Die Befragten nannten als Top-5-Aktivitäten während einer längeren Reise, die sie alleine zurücklegen, Radio hören (64 Prozent), Entspannen (63 Prozent), Telefonieren (42 Prozent), Im Internet Surfen (42 Prozent) und Kommunikation mittels Nachrichten (36 Prozent) – in jedem Fall eine Kombination aus visuellen, auditiven und haptischen Aufgaben.

Beim Fahren mit Beifahrern lag der Schwerpunkt mehr auf gemeinsamen Aktivitäten, wie sich Unterhalten (71 Prozent) oder Radio hören (58 Prozent) statt Telefonieren (nur 19 Prozent) oder Nachrichten schicken (23 Prozent).

„Unsere Partnerschaft mit dem DFKI konzentriert sich darauf, KI-Lösungen weiterzuentwickeln, die komplexe Mensch-Maschine-Interaktionen ermöglichen, etwa in autonom fahrenden Autos.

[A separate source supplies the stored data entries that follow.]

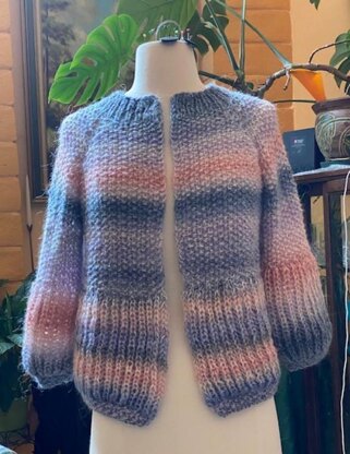 Knitted 2 ply with Ice yarn, Mohair Pastel . Pattern Rating: easy-intermediate ¾ sleeves, raglan, knitted top down. I always knit and then write my patterns. The pattern is very detailed written and has pictures to help you better to accomplish this beautiful cardigan.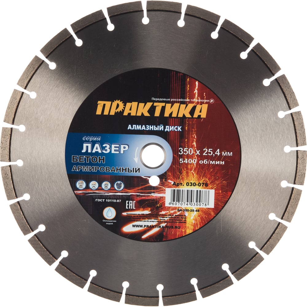 Диск алмазный сегментный Лазер-45 по бетону (350х25.4 мм) ПРАКТИКА 030-078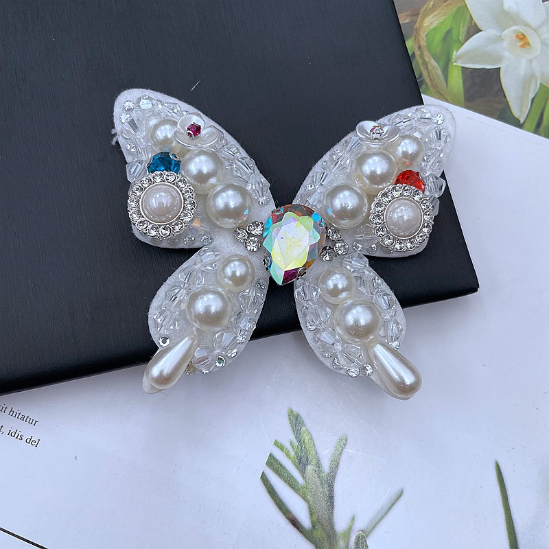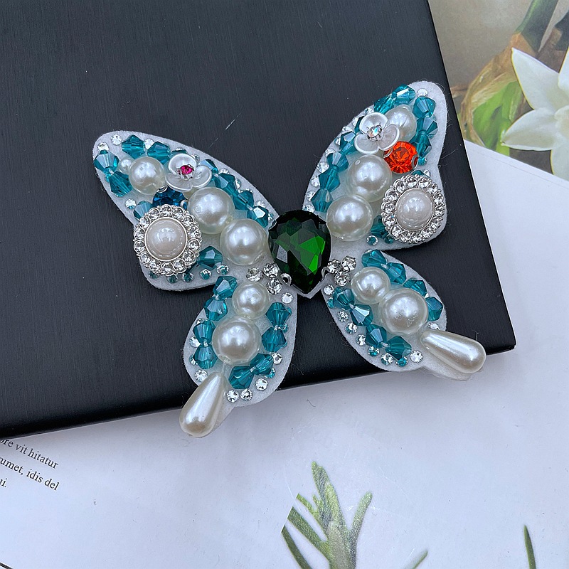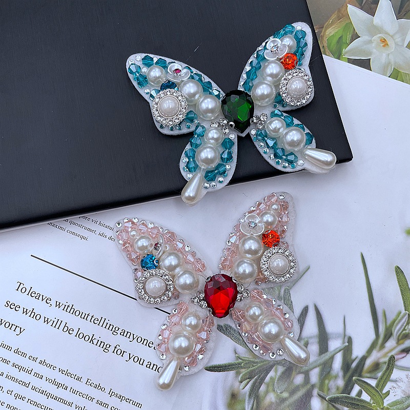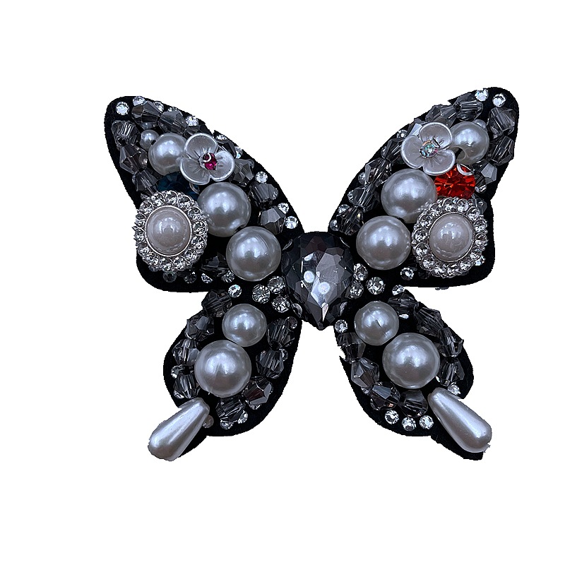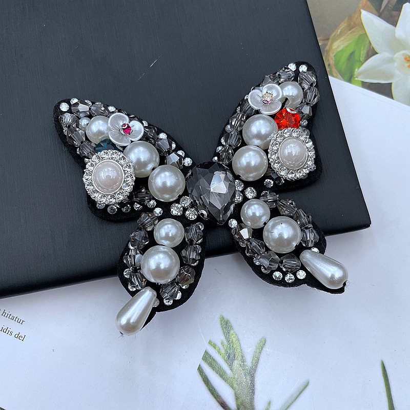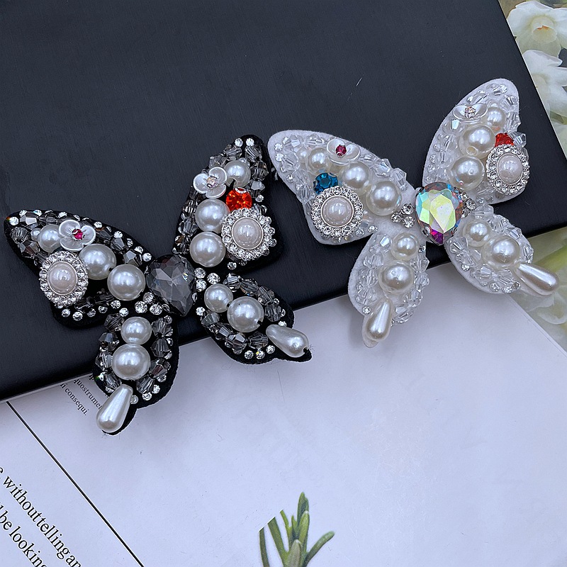 新款手工钉珠精美时尚水钻珍珠蝴蝶布贴服装包包配饰DIY辅料

Unsere Studie zeigt, dass autonome Systeme in der Lage sein müssen, die Rolle des Fahrers als Passagier zu verstehen, zu analysieren und KI sinnvoll zu nutzen, um das autonom fahrende Auto sicherer und intelligenter zu machen“, sagt Vlad Sejnoha, Chief Technology Officer bei Nuance Communications.

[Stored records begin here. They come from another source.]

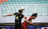Pesepak bola Rans Nusantara FC Ady Setiawan (kanan) berebut bola di udara dengan pesepak bola Barito Putera Mike Rigoberto (kiri) dalam pertandingan Liga 1 di Stadion Pakansari, Kabupaten Bogor, Jawa Barat, Senin (29/8/2022). Rans Nusantara FC mengalahkan Barito Putera dengan skor 2-1. (FOTO : ANTARA/Asprilla Dwi Adha)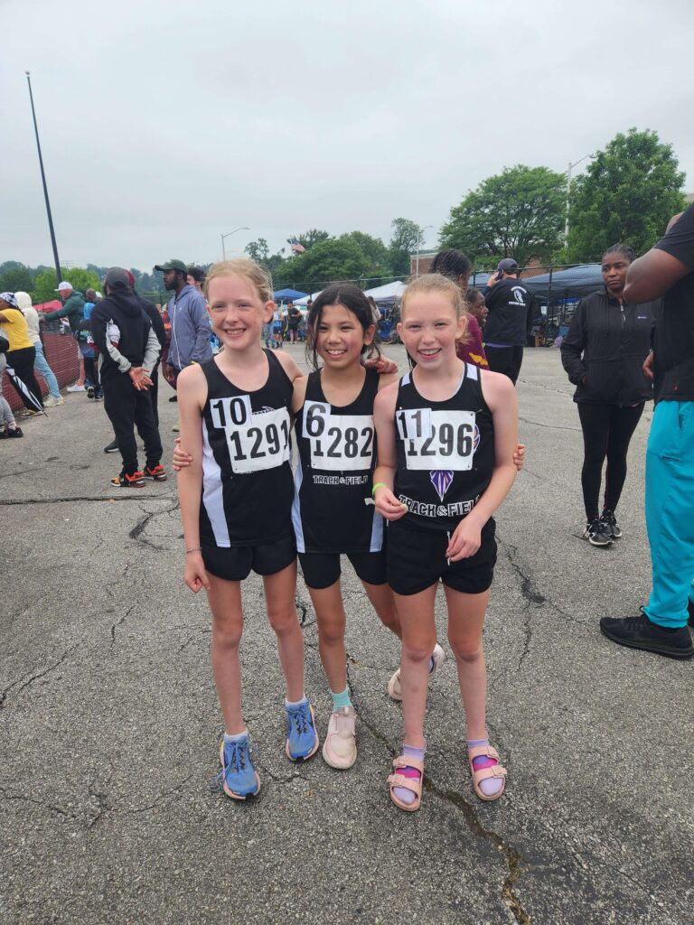 Girls 11 years old – Maggie Shaner shattered her own age group record in the 800 meters running 2:46.85 to finish in 8th and advance to the Regional meet. Maggie also ran on the 3rd place 4×400 relay.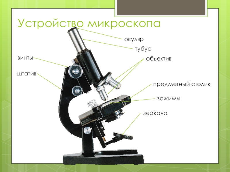 Микроскоп. Изучите микроскоп. Найдите тубус, окуляр, объектив, штатив с предметным столиком, зеркало, винты.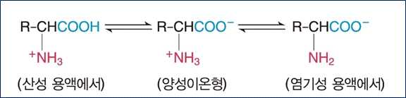 ⋅아미노산은 아미노기(+)와 카르복실기(-)를 함께 가지고 있기 때문에 전체 전하는 0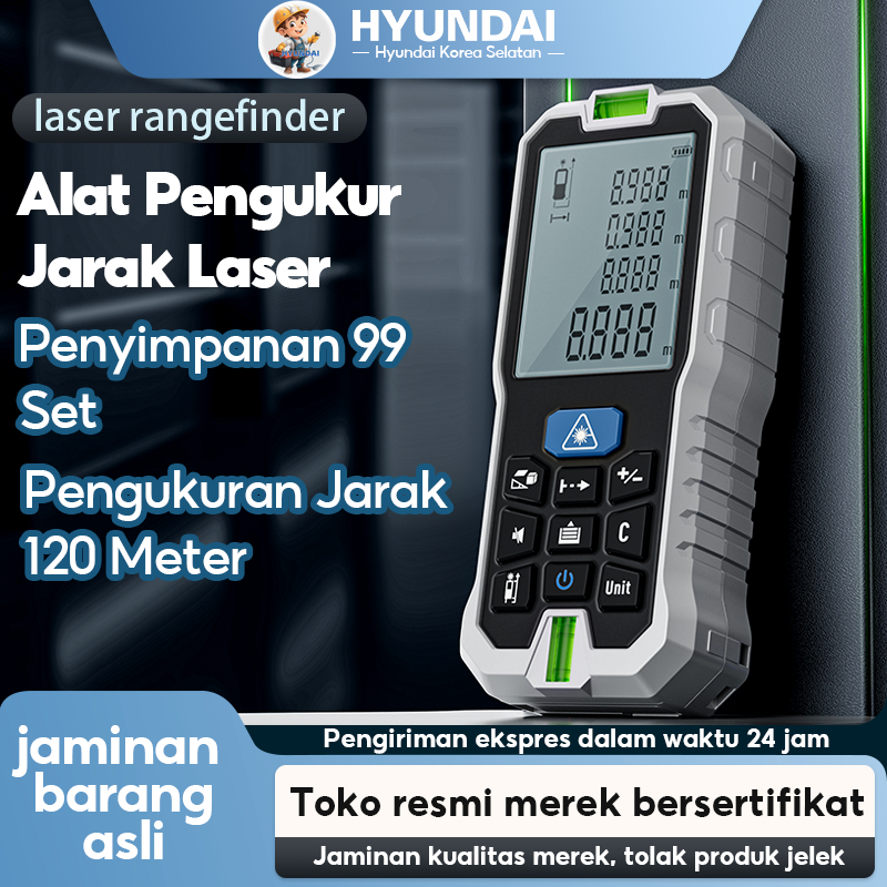 HYUNDAI Laser Rangefinder Laser Distance Meter 120 Meter Measurer Dimensi Meteran Ukur Jarak Tester

„Nuance und das DFKI teilen die Vision, dass fortgeschrittene persönliche Assistenten und kognitive Technologien in der Lage sind, die menschliche Intelligenz effektiv zu verstärken“, so Sejnoha weiter. „Wir nutzen unsere Erfahrungen mit vernetzten Systemen und virtuellen Assistenten, um sie deutlich produktiver und nützlicher zu machen.“ 

„Kognitive und sprachinteraktive KI treiben die zweite Welle der Digitalisierung voran, die auf dem tiefen Verständnis digitaler Daten basiert“, kommentiert Prof. Dr. Wolfgang Wahlster, CEO des DFKI. „Durch die Partnerschaft mit Nuance können wir Innovationen in die Realität umsetzen. Wir können unsere Forschung direkt in Systeme übertragen, die Menschen jeden Tag nutzen, und damit die realen Herausforderungen und komplexen Strukturen vernetzter intelligenter Service-Plattformen ansprechen. Mit dem Büro von Nuance am DFKI Campus in Saarbrücken mit seinen Forschergruppen für autonomes Fahren, Deep Learning, multimodalen Dialog und Sprachverständnis werden wir den Austausch zwischen Menschen und intelligenten Umgebungen weiter vorantreiben und letztendlich die nächste Generation von Autos, Bots, Assistenten und intelligenten Objekten auf den Markt bringen, die den Alltag einfach besser und sicherer machen“, 

Die Partnerschaft zwischen Nuance und DFKI umfasst auch die Weiterentwicklung der semantischen Einordnung von Wörtern per Natural Language Understanding (NLU). Ziel ist es, sprachinteraktive kognitive KI-Schnittstellen zwischen Menschen und virtuellen Assistenten für eine Reihe von vertikalen Märkten zu entwickeln, einschließlich Gesundheitswesen und Omnichannel-Kundenbetreuung. Nuance unterstützt NLU bereits für über mehr als 40 Sprachen und entwickelt diesen Bereich durch die Anwendung von „Deep NLU“ kontinuierlich weiter. Dieser Ansatz nutzt Methoden des Deep Learnings, um Feinheiten der menschlichen Sprache besser zu verstehen. Gemeinsam mit dem DFKI-Team ist bereits ein Projekt gestartet worden, um diesen Ansatz ins Deutsche zu übertragen. 

Nuance ist Gesellschafter der DFKI, zusammen mit weiteren Global-Playern wie Google, Microsoft, Intel, SAP, BMW, Bosch und Deutsche Telekom.